| Task objective |
Go to the line in the entries below that holds "Η έκθεση θα" and repeat exactly from there through the line that holds "Quem te falou", inclusive.

| Material for the task |
• • • •
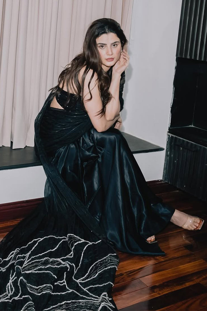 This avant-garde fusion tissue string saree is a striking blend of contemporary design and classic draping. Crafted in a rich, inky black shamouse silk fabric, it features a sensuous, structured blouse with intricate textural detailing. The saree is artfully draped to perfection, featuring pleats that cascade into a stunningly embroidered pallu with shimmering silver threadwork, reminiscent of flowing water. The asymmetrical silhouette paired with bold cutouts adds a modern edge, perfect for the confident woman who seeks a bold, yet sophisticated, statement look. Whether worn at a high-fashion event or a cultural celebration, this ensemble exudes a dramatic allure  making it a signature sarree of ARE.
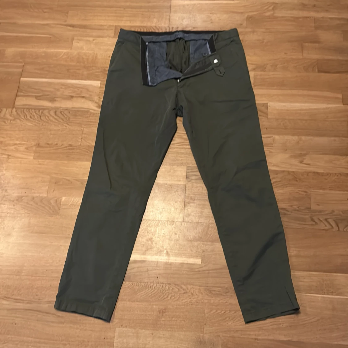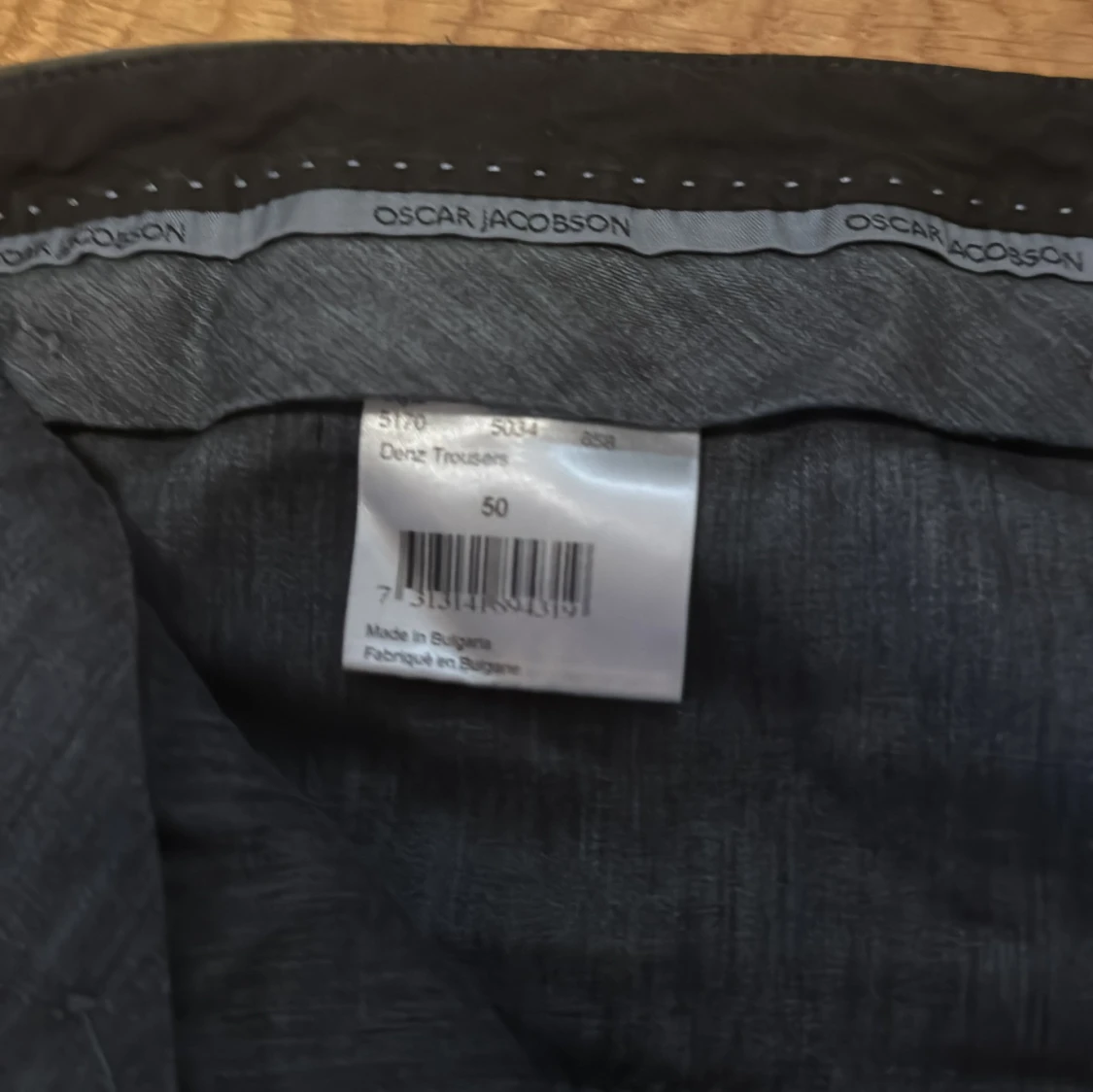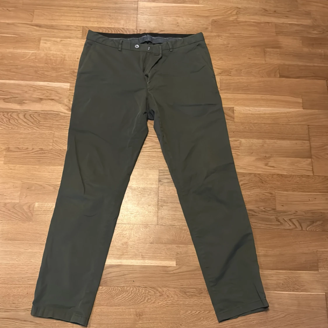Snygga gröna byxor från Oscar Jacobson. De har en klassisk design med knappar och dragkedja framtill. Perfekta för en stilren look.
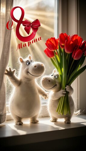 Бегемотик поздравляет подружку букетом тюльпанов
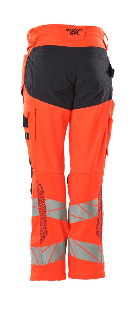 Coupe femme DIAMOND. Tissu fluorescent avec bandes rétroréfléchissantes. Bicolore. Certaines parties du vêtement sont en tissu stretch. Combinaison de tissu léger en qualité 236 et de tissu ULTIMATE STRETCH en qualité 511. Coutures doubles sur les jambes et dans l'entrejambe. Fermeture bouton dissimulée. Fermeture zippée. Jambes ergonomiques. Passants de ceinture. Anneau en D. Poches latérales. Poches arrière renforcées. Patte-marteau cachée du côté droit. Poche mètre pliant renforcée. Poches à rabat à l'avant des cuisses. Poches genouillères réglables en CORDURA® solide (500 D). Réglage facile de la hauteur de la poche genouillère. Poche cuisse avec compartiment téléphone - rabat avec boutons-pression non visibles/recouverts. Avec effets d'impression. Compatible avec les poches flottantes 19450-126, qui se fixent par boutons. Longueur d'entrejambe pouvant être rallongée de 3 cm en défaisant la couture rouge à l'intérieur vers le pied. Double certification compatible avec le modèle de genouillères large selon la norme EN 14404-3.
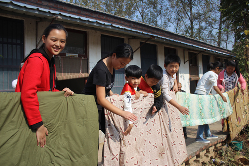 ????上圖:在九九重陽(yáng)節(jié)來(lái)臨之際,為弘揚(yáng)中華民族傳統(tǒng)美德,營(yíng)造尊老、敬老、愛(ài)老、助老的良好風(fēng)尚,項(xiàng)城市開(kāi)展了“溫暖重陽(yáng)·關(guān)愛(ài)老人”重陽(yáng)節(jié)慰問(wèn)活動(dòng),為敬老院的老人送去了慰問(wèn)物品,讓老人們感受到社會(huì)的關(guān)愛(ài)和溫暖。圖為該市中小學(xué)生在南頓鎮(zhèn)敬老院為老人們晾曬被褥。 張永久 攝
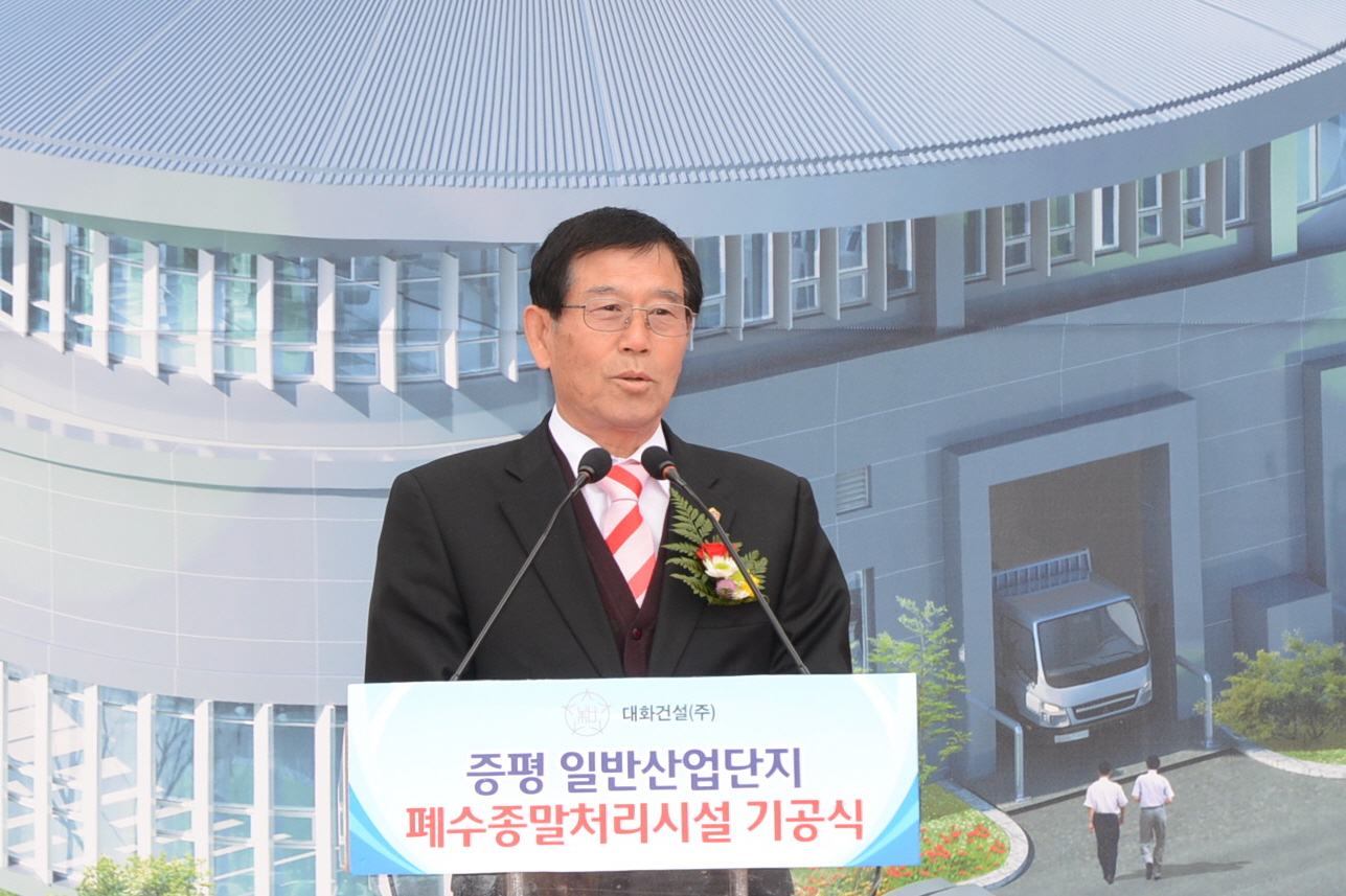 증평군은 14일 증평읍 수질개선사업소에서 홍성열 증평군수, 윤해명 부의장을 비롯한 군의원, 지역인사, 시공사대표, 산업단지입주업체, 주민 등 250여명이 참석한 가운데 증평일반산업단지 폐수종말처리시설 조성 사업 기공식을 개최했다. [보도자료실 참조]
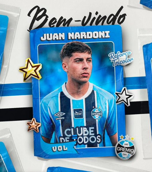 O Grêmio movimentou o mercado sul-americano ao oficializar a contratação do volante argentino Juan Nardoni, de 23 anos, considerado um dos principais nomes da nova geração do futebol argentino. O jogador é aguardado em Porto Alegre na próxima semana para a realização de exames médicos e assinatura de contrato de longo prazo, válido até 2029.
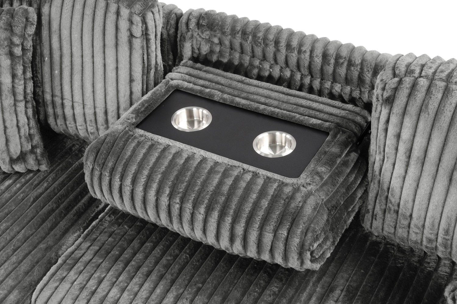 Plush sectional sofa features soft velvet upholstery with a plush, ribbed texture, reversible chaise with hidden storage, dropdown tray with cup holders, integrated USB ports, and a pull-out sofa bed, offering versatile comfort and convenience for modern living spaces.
• • • •
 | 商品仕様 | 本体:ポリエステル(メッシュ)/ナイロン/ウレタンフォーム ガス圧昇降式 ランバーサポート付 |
• • • •
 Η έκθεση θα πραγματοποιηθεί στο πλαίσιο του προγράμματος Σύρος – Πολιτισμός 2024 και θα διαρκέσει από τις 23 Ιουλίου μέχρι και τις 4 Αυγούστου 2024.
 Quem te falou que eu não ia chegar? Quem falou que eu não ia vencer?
• • • •
| Task answer |
 Η έκθεση θα πραγματοποιηθεί στο πλαίσιο του προγράμματος Σύρος – Πολιτισμός 2024 και θα διαρκέσει από τις 23 Ιουλίου μέχρι και τις 4 Αυγούστου 2024.
 Quem te falou que eu não ia chegar? Quem falou que eu não ia vencer?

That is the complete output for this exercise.